┌──

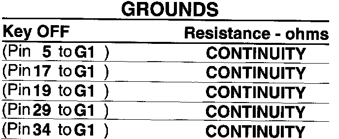 CAUTION: WHEN MEASURING OHMS DISCONNECT THE ECU FROM THE HARNESS PLUG AND NEVER TURN THE IGNITION KEY ON. IT IS P05SIBLE THAT FAILURE TO FOLLOW THESE STEPS WILL RESULT IN DAMAGE TO THE ECU.
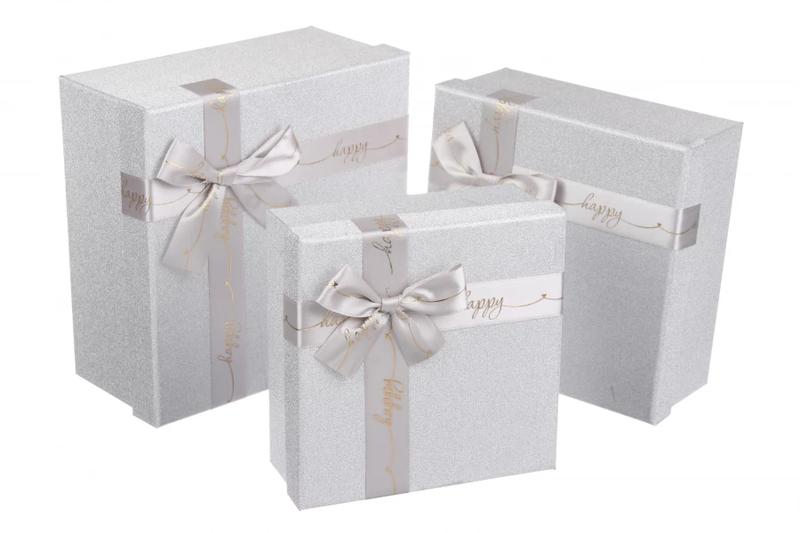 Подарочные коробки квадратные серые с бантом (комплект 3 шт), разм.l: 19.5*19.5*9.5
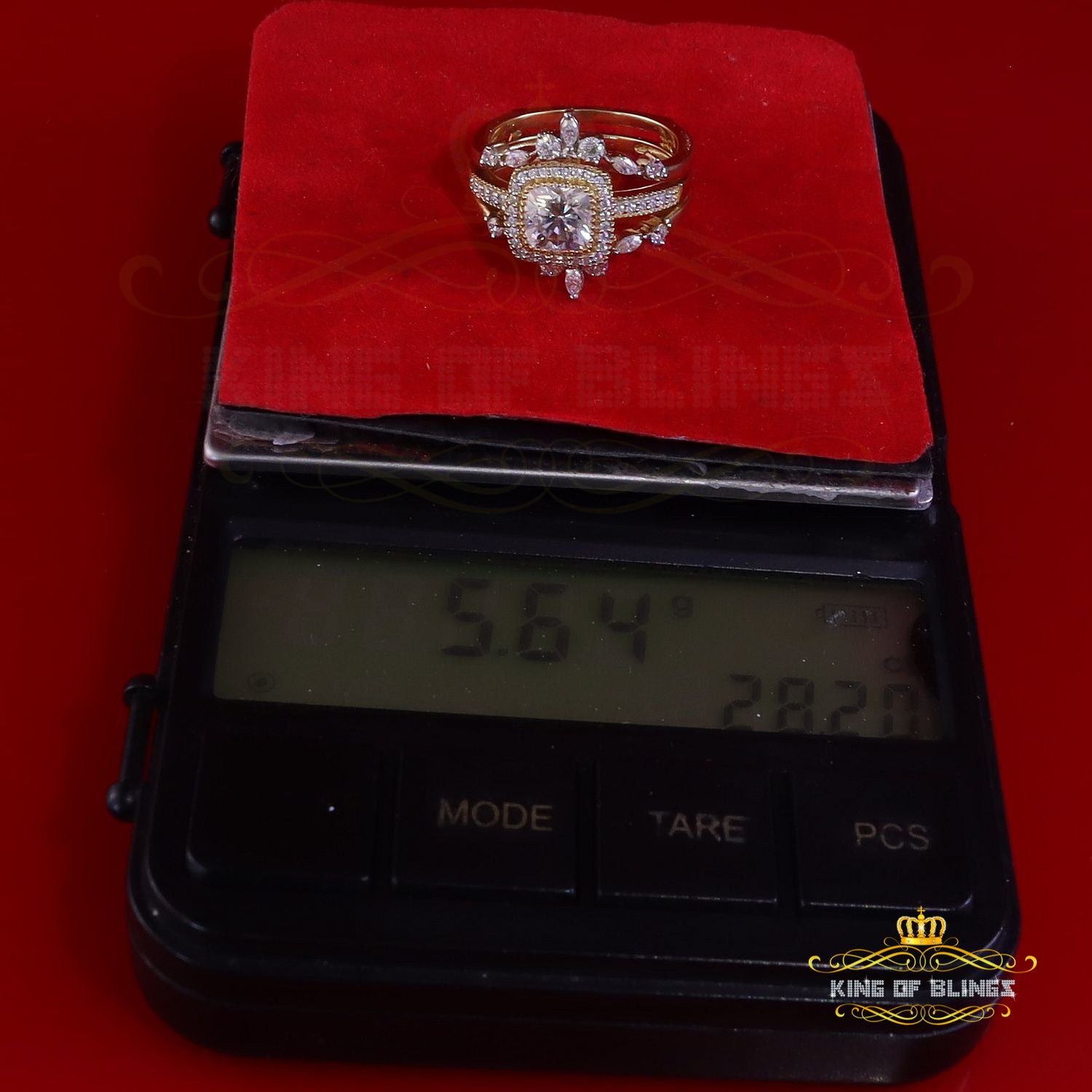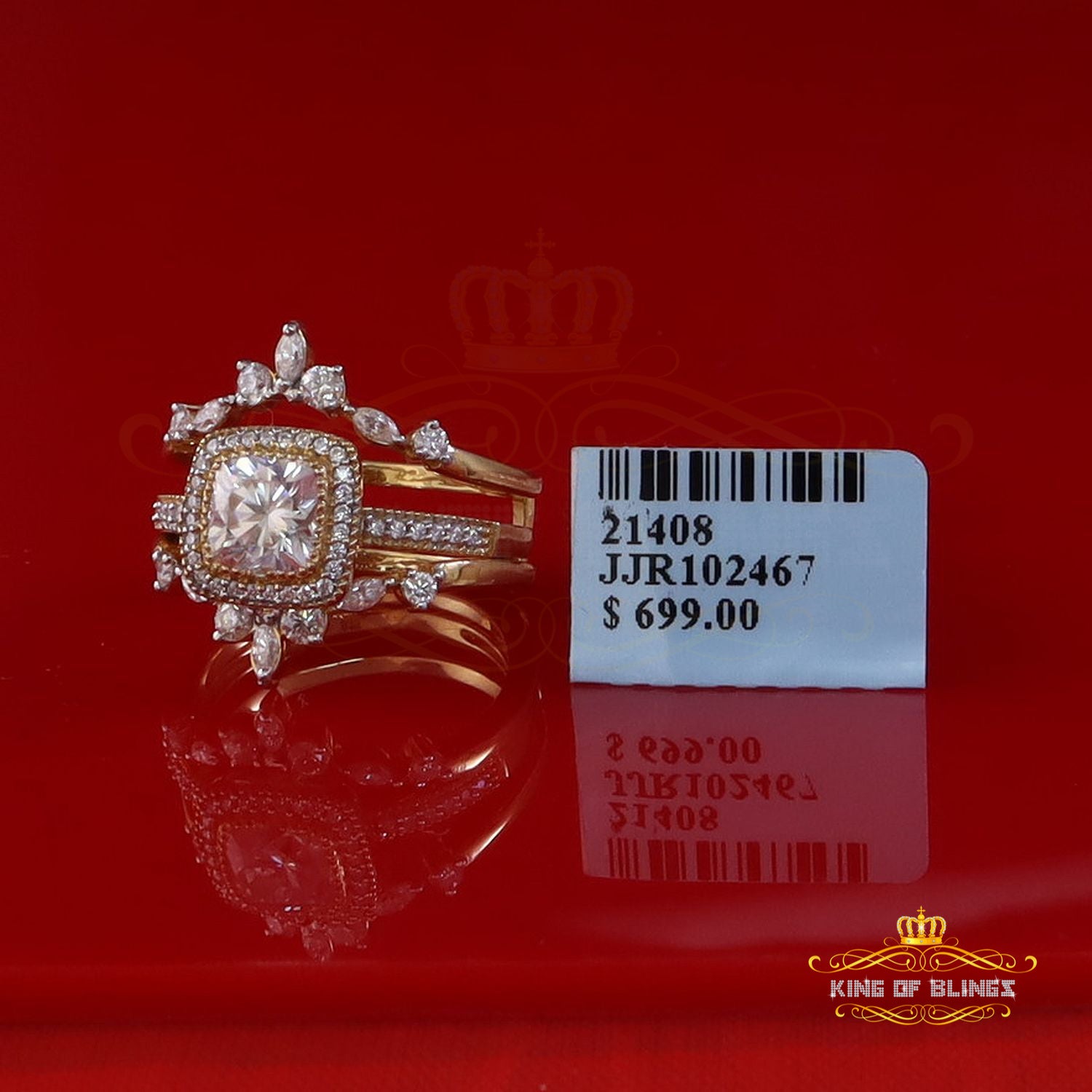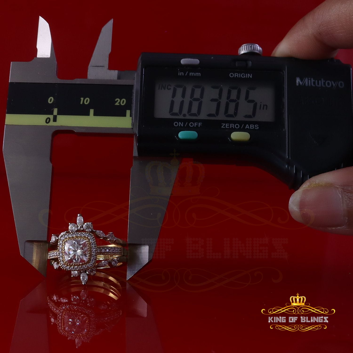 King of Bling's Enhancer Guard Wrap Insert Cushion Moissanite 1.75ct VVS D Yellow Silver RingSZ7
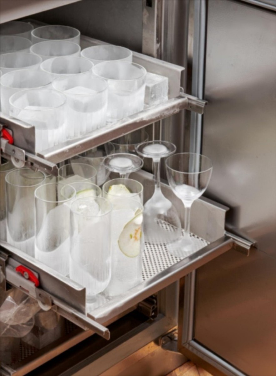 Tutte le componenti tecniche sono celate al di sotto di questo top, così come l’illuminazione diffusa, integrata. A completare il set-up del banco bar è un blocco operativo a U in acciaio inox AISI 304, sempre realizzato su misura da Prisma: è equipaggiato con celle refrigerate e freezer a temperatura diversificata, moduli a cassetti estraibili ad alta portata, vani anche a giorno per lo stoccaggio di stoviglie e altri accessori utili al servizio e alla preparazione degli alimenti.
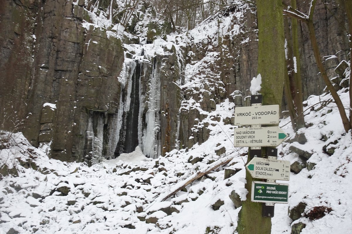 Zajímavá atrakce v blízkosti Ústí nad Labem. Podlešínský potok padá v rokli přes skálu, v zimě zamrzá a tvoří ledovou nádheru.
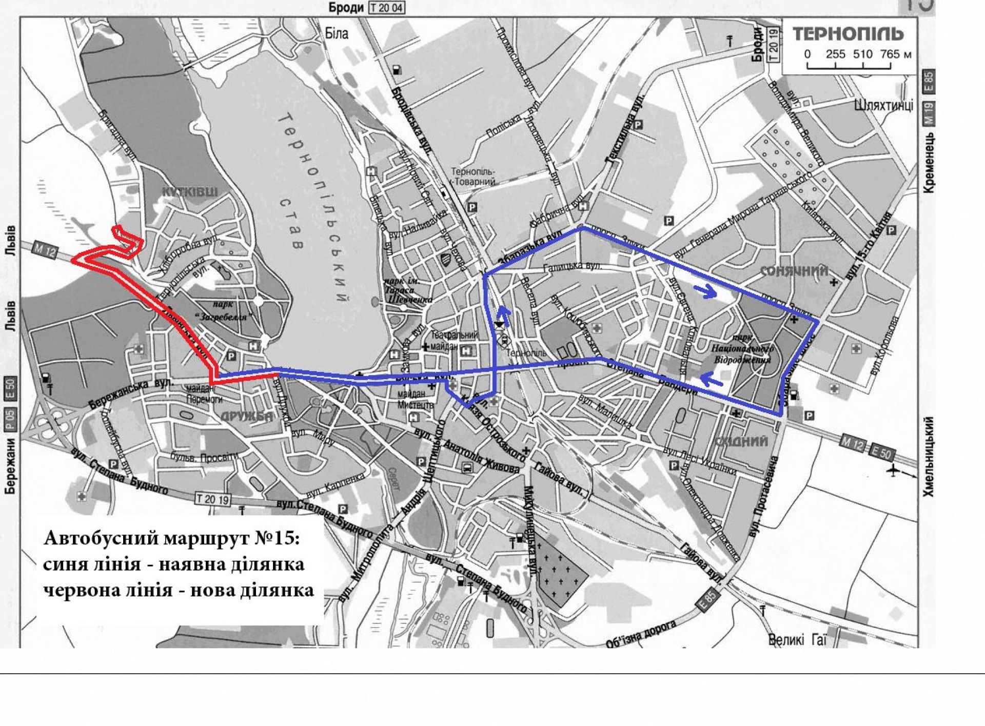 Маршрут №15 «Вул. Золотогірська – просп. Злуки – просп. Степана Бандери». Для покращення транспортного сполучення мешканців вул. Золотогірської і Бенцаля з залізничним вокзалом та просп. Злуки, а також уникнення дублювання маршрутів у районі вул. Кривоноса та Миру, пропонується приєднати маршрут №25 до маршруту №15.

└──

What needs to be done >> Exactly as they appear, print the lines of the listing above from its first line through the line that contains "King of Bling's", minus the pictures.

Written answer >>
 CAUTION: WHEN MEASURING OHMS DISCONNECT THE ECU FROM THE HARNESS PLUG AND NEVER TURN THE IGNITION KEY ON. IT IS P05SIBLE THAT FAILURE TO FOLLOW THESE STEPS WILL RESULT IN DAMAGE TO THE ECU.
 Подарочные коробки квадратные серые с бантом (комплект 3 шт), разм.l: 19.5*19.5*9.5
 King of Bling's Enhancer Guard Wrap Insert Cushion Moissanite 1.75ct VVS D Yellow Silver RingSZ7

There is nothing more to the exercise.